= National Stone, Sand & Gravel Association =

U.S. Trade association

The National Stone, Sand & Gravel Association is a professional trade association, with a membership of stone, sand, and gravel producers, as well as related equipment manufacturers and service providers. The companies they represent within the aggregates industry are responsible for the raw materials found in residential and commercial buildings, roads, bridges, and public works projects throughout the United States. The NSSGA was created in February 2001 when 2 large aggregate associations, the National Aggregates Association and the National Stone Association, merged.

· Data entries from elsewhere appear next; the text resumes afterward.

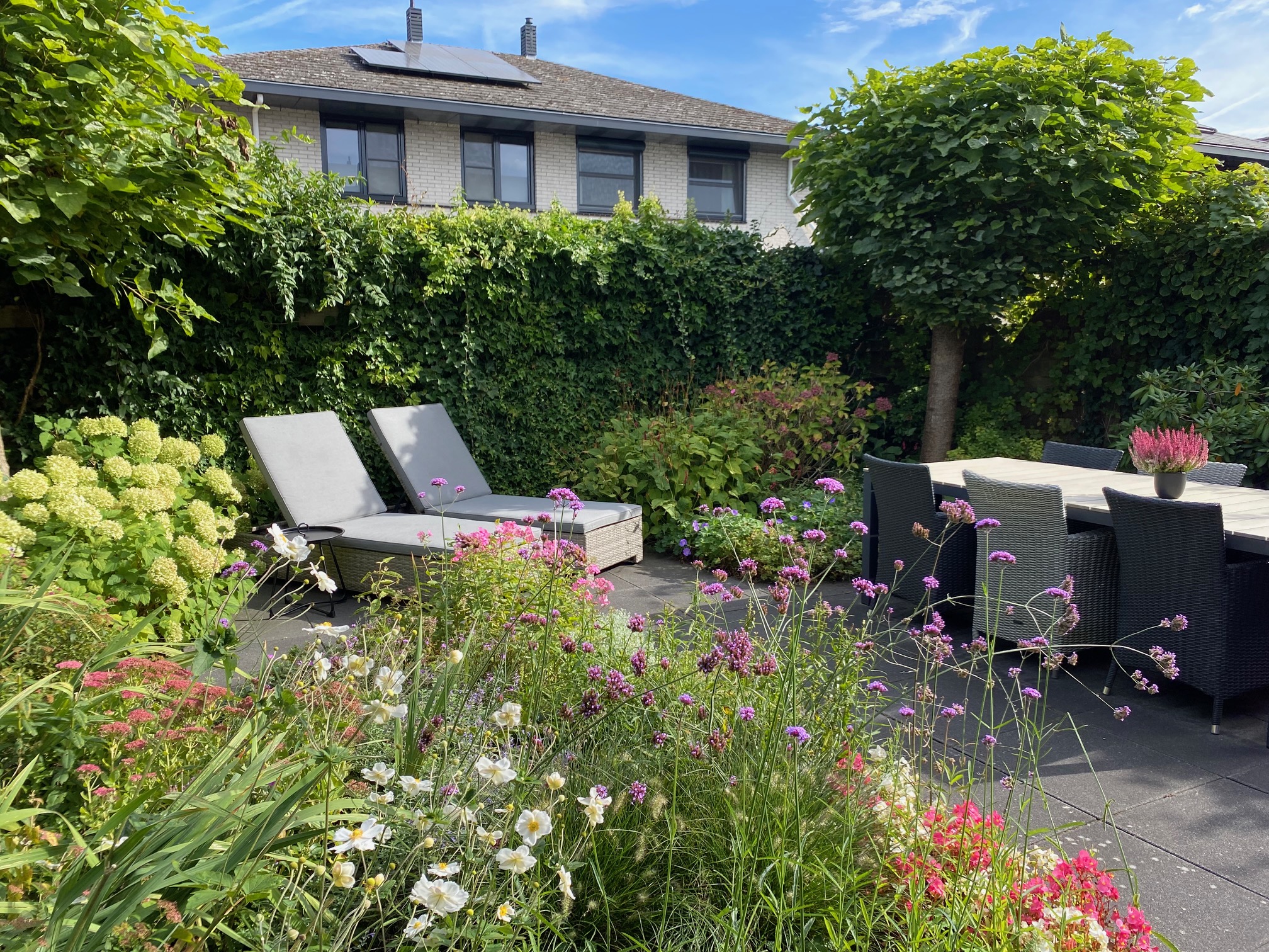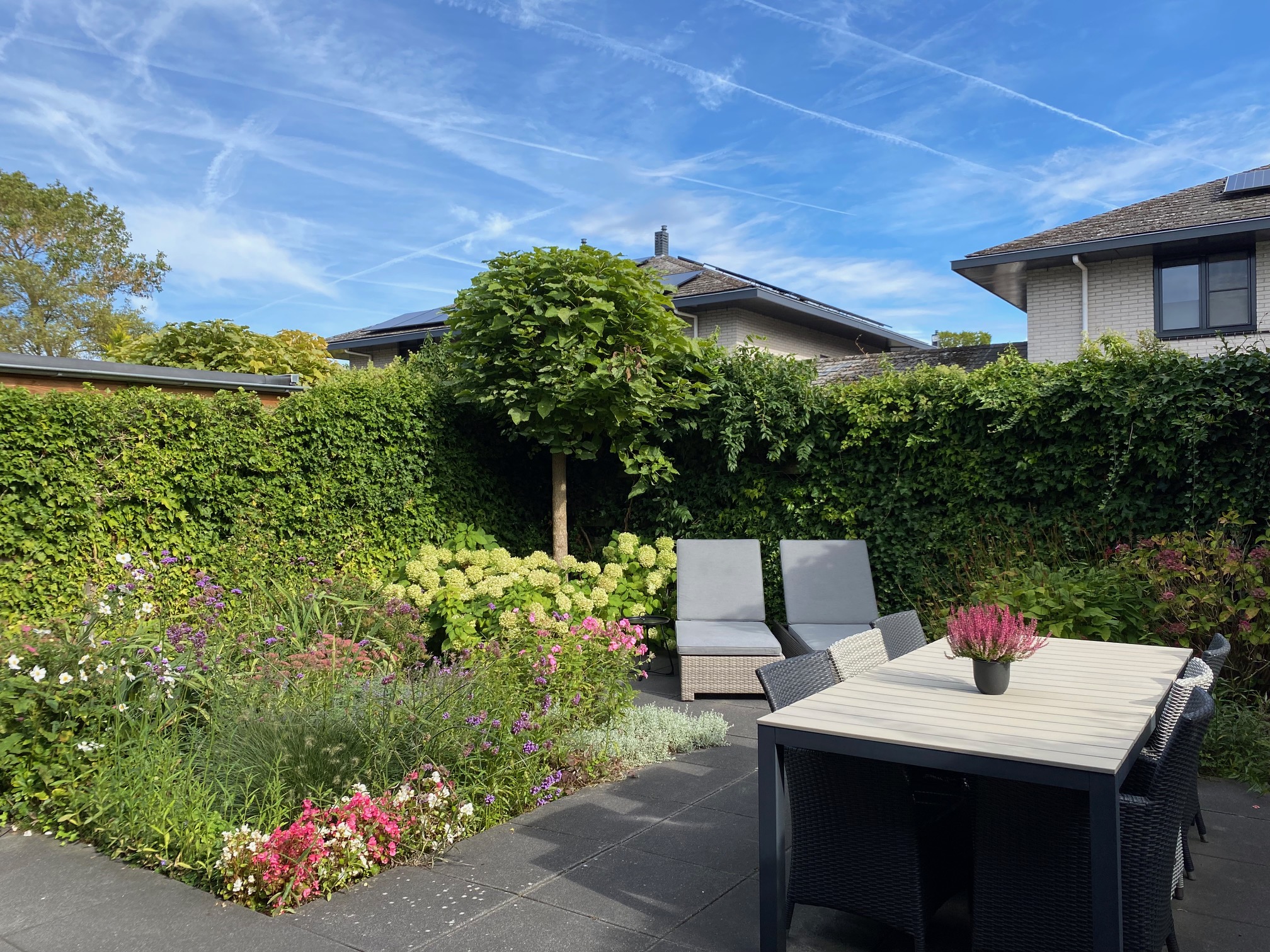 De tuin is door alle seizoenen heen heerlijk groen en keurig onderhouden. De tuin biedt meerdere fraaie terrassen waarbij je de gehele dag in de zon dan wel in de schaduw kunt zitten. De ligging op het zuidoosten is eigenlijk perfect, hierdoor valt de zon in de ochtend heerlijk de woonkamer binnen. De borders zijn kleurrijk aangelegd en zo is er van het voorjaar tot aan het najaar kleur te vinden in deze prettige achtertuin.
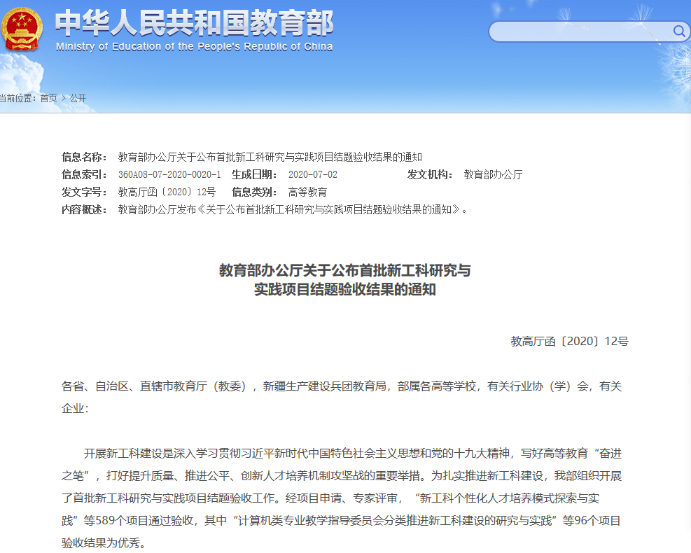 据悉,经项目申请、专家评审,“新工科个性化人才培养模式探索与实践”等589个项目通过验收,其中96个项目验收结果为优秀。NT动漫 共有3个项目被评为优秀,优秀率100%。
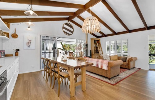 A peaceful three-bedroom, three-bath escape designed for couples and small groups of friends. Hidden behind a private gate and framed by flowering gardens where daisies bloom and seasonal fireflies flicker at dusk, the cottage feels secluded yet is only one-kilometre to Gallery Walk and just minutes from Tamborine Mountain’s famed rainforest trails.
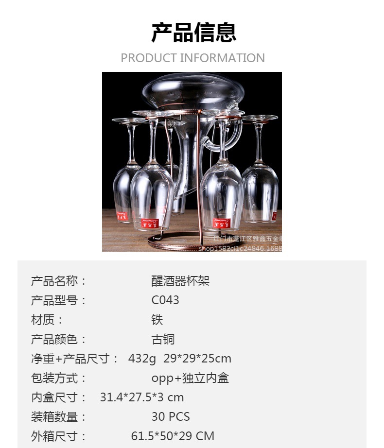 醒酒器分酒器架支架金属醒酒器倒挂架 醒酒壶沥干架干燥架红酒架
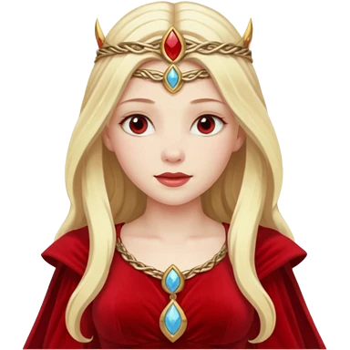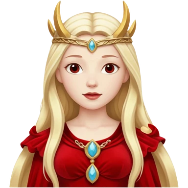 Freya, Goddess of Love from Gods and Goddesses with long golden blonde hair, red sequin outfit emoji | AI Emoji Generator
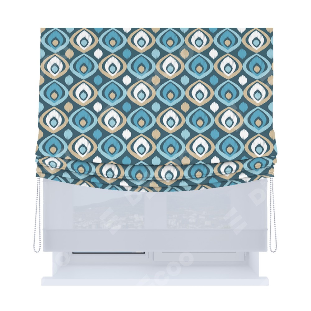 Римская штора «Кортин», день-ночь с мягкими складками, «Икат орнамент»
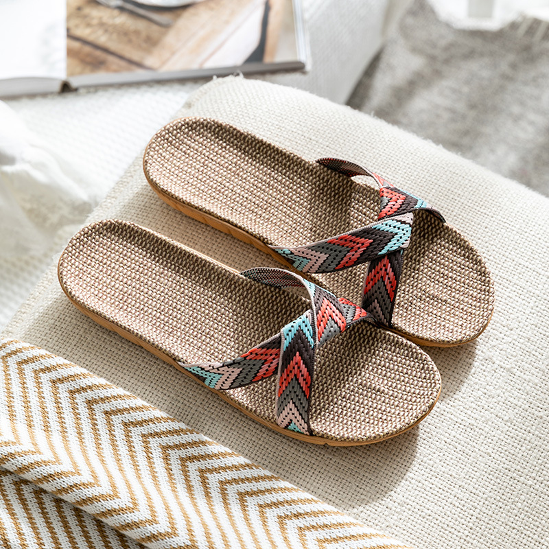 Summer Cross Linen Slippers Female Couple Indoor Home Mute Soft Bottom Slippers Male Home Home Shoes
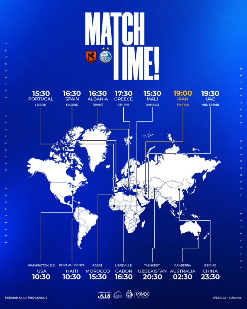 دیدار فردا مس رفسنجان و استقلال از ساعت ۱۹:۰۰ به وقت ایران برگزار میشود.

In 2013, Michael W. Johnson was appointed the new President and CEO of NSSGA, a position he still held as of 2022.  During his time as CEO, he launched new initiatives and revamped many of the governing by-laws dating back to the 2001 merger. He also was a leader in the industry’s lobbying campaign to defeat a commercial asbestos ban that had been proposed by Congress in 2020.

The NSSGA was an outspoken advocate leading up to Congress’ passage of the six-year transportation reauthorization bill in 2015. CEO Johnson, was quoted saying that the US is in need of a long-term and well-funded transportation bill.

In 2018, the NSSGA is continuing its advocacy work with a focus on growing committee structures and providing advocacy events, such as its annual legislative and policy forum in Washington, D.C.